UM HOMEM, SEU DESTINO

Bate um sino.

O homem e seu destino.

Ele caminha a esmo.

Amassa um cigarro.

Dá um pigarro.

Examina a mão escurecida da nicotina.

Olha o padre sem batina.

Resmunga algo.

E segue.

Tropeça num degrauzinho do calçamento.

Outro xingamento.

E continua seguindo.

Sorri um sorriso murcho pra um transeunte que o cumprimenta.

Uma criança se aproxima.

Olha-o.

Ela quer brincar, mas vendo-o tão emburrado nem tenta.

Ele segue.

Pára numa praça. Senta num banco.

E pensa.

Estou acabado.

Sou um calçado abandonado.

Chega uma jovem e ao seu lado se senta.

-- Como está o senhor?

-- Mal.

-- Por que mal?

-- Não vê? Sou um caco...

Ela aponta o céu azul, uma bela árvore, uma ave voando.
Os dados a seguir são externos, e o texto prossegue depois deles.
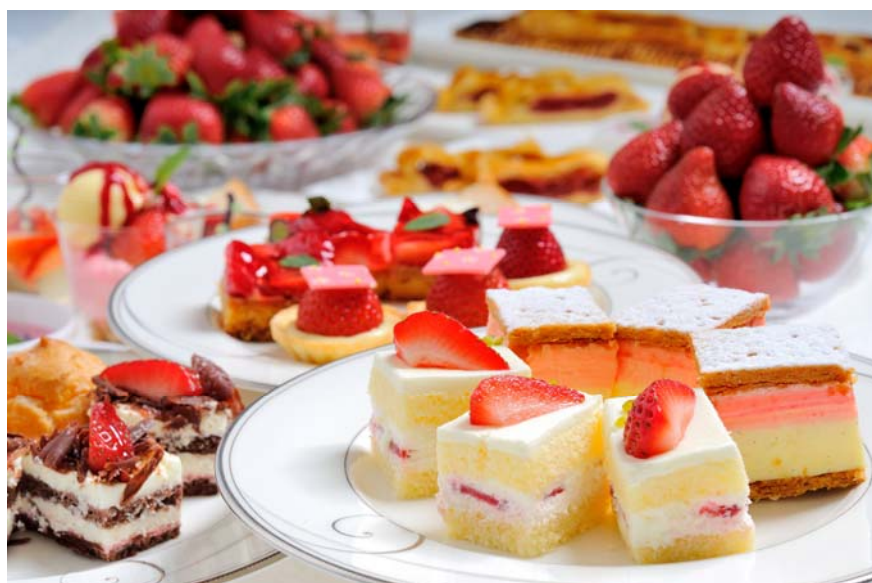
アフタヌーンスイーツbuffet ～ストロベリーフェア～ スカイラウンジ「ベイ・ビュー」（28F） buffetイメージ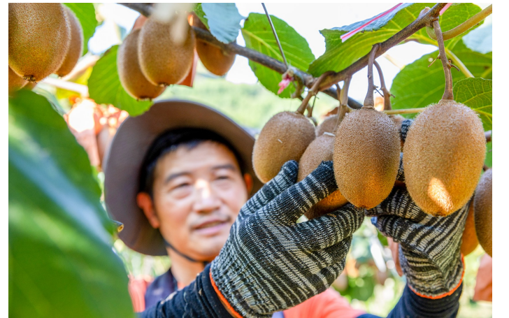
9月7日,大观镇铁桥村猕猴桃基地,颗颗饱满的猕猴桃果香四溢。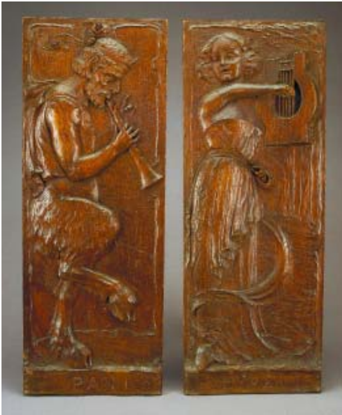
526 "PAN" E "HYMEN" par de placas em madeira entalhada, séc. XIX, pequenos defeitos Dim. - 74 x 27,5 cm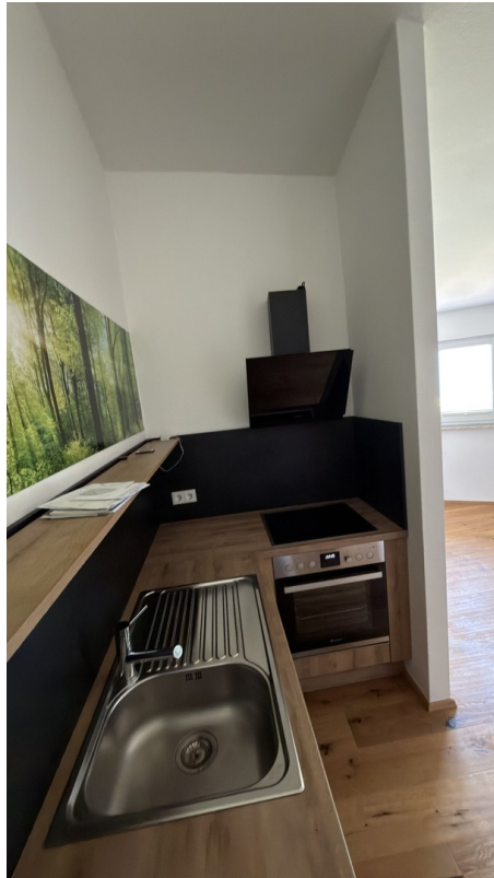
Küche mit E-Geräten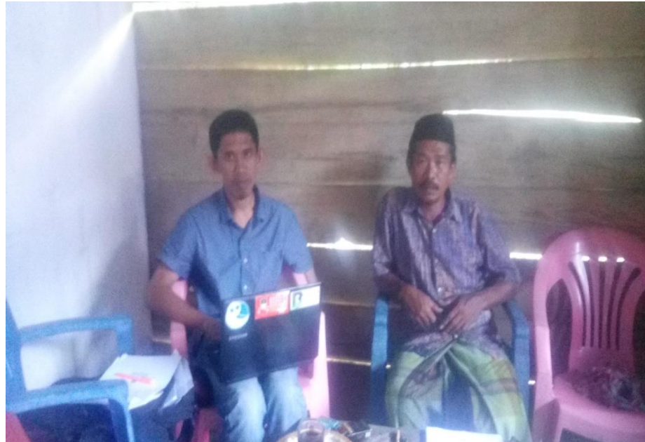
Wawancara dengan ketua Direktur Bank sampah Latuppa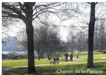
Chemin de la Pleiade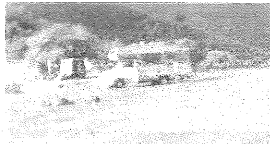
El Portilla vuelve a quedarse vacío tras la salida de la Familia Arcoiris. L.R.

estancia, la Guardia Civil visitó en varias ocasiones este asentamiento de la 'Familia Arcoiris' interponiendo hasta un total de 76 denuncias por acampar ilegalmente, por hacer fuego o por no respetar las medidas sanitarias para la prevención del virus. A pesar de todo esto, los veci-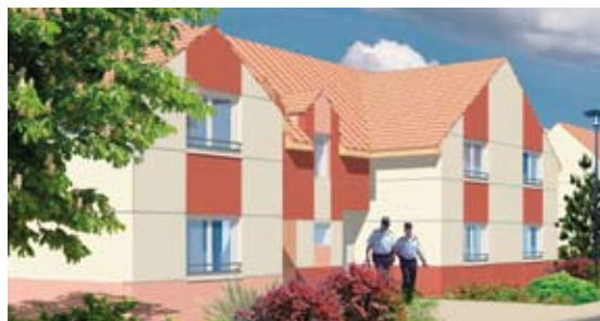
Logement pour les gendarmes

Nos gendarmes méritent des logements décents et de meilleures conditions de travail. Ainsi une nouvelle caserne de gendarmerie était attendue, elle sera composée de 23 logements et sera située dans le quartier de Lenglet. Le projet répond aux exigences des services de gendarmerie et crée un ensemble construit cohérent et fonctionnel.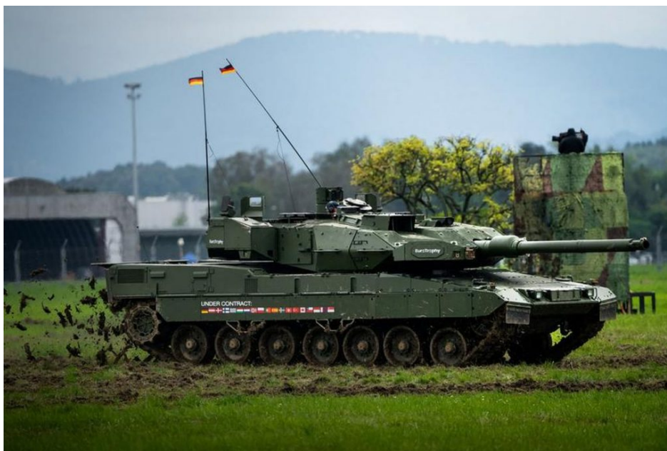
Leopard 2A8 německého Bundeswehru

Teď ale na Mnichovské konferenci zaznělo, že ČR se podařilo identifikovat 500 000 dělostřeleckých granátů ráže 155 mm a 300 000 granátů ráže 122 mm. Podle našich informací jde o munici několika armád evropských členů NATO plus Kanady, hovoří se jmenovitě o veškerých zásobách Bundeswehru, ale i Švédska a několika dalších evropských zemí NATO. Pokud k tomu dojde, tyto země budou zcela zbaveny a odzbrojeny od dělostřelecké munice. Pokud by došlo k lodnímu výsadbku Ruské armády na severu Německa, tak Ruská armáda dojde bez odporu až do Berlína, protože Bundeswehr nebude mít čím střílet proti ruské pěchotě a proti motostřeleckým divizím. Tohle není normální.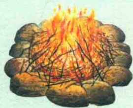
直立人学会使用火是巨大的技术进步。

火的出现也意味着他们能够在更为寒冷的气候条件下生存下来，这使得直立人比以前的人类走得更远。像能人，他们可能总是处于迁移的状态，搭建暂时的宿营地作为打猎和采集的基地。一些居住地可能是季节性的，在春夏季节，当水果、叶子和坚果丰富时，他们就居住下来。但是直立人走得更远，走出了他们的出生地非洲，定居在亚洲与欧洲。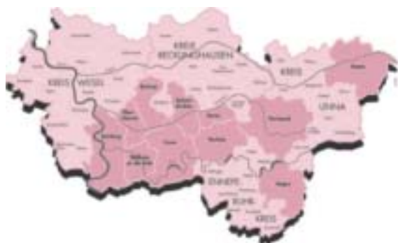
Abbildung 1: Kreisfreie Städte und Kreise im Gebiet des Regionalverbandes Ruhr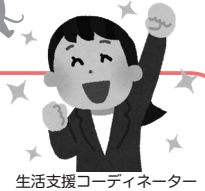
生活支援コーディネーター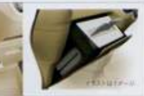
その他の便利な収納 身の回りの小物類がすっきり収まる。使い勝手のいいサイズの収納を各部に装備。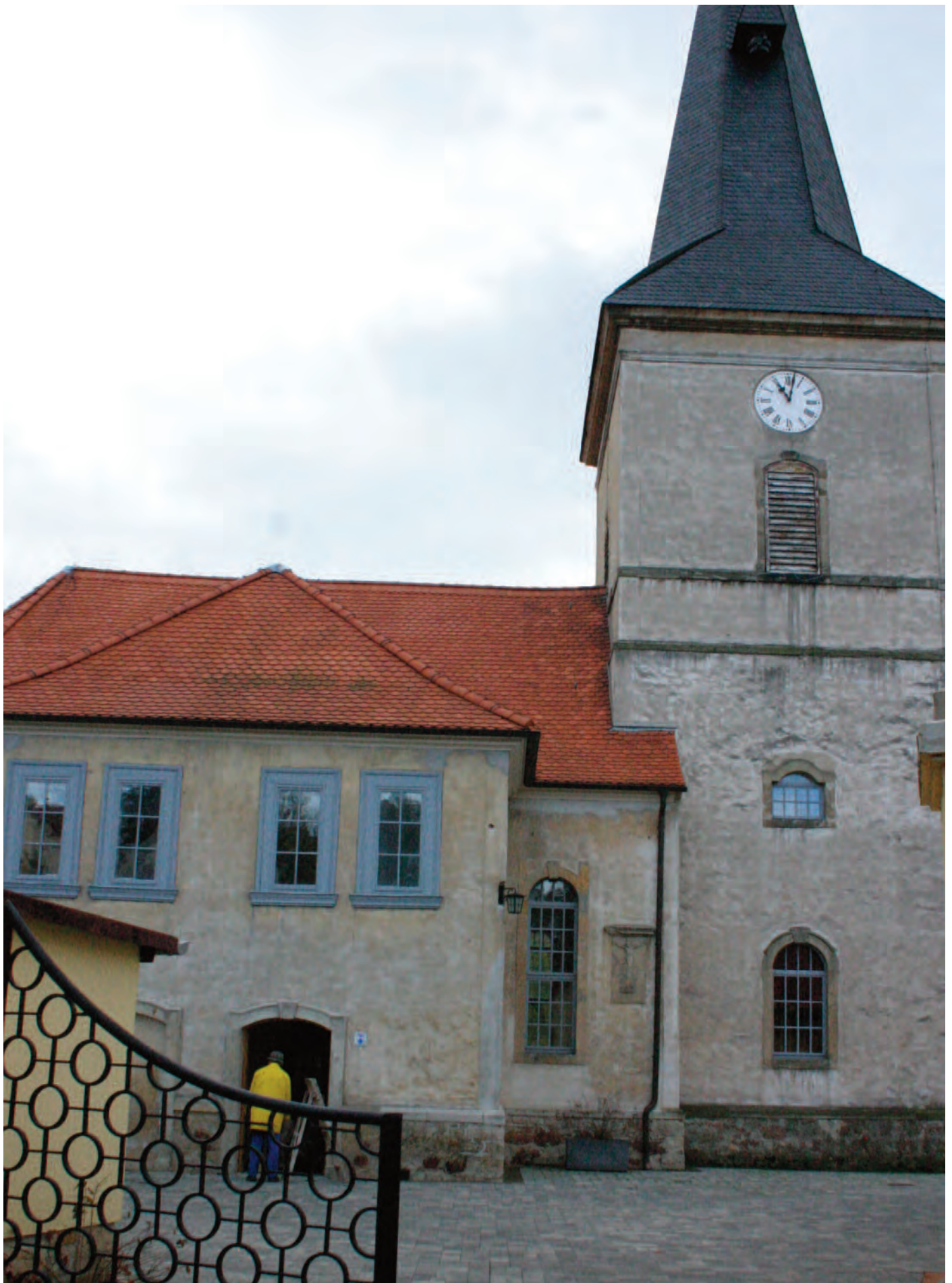
Nr. 9: Evangelische Kirche Passendorf, evang. Pfarramt Halle (Saale); Schulplatz 4, 06124 Halle (Saale).

Aponta uma flor rosa desabrochando.

E aponta um mendigo que come um naco de pão quase deitado.

-- A vida é bela. O senhor está bem trajado, vê-se que é bem tratado. Reclamar é um pecado.

Sé então ele repara nos seus olhos tremendamente azuis.

Parecem duas estrelas num rosto translúcido.

Ele descansa a mão num braço que inexiste.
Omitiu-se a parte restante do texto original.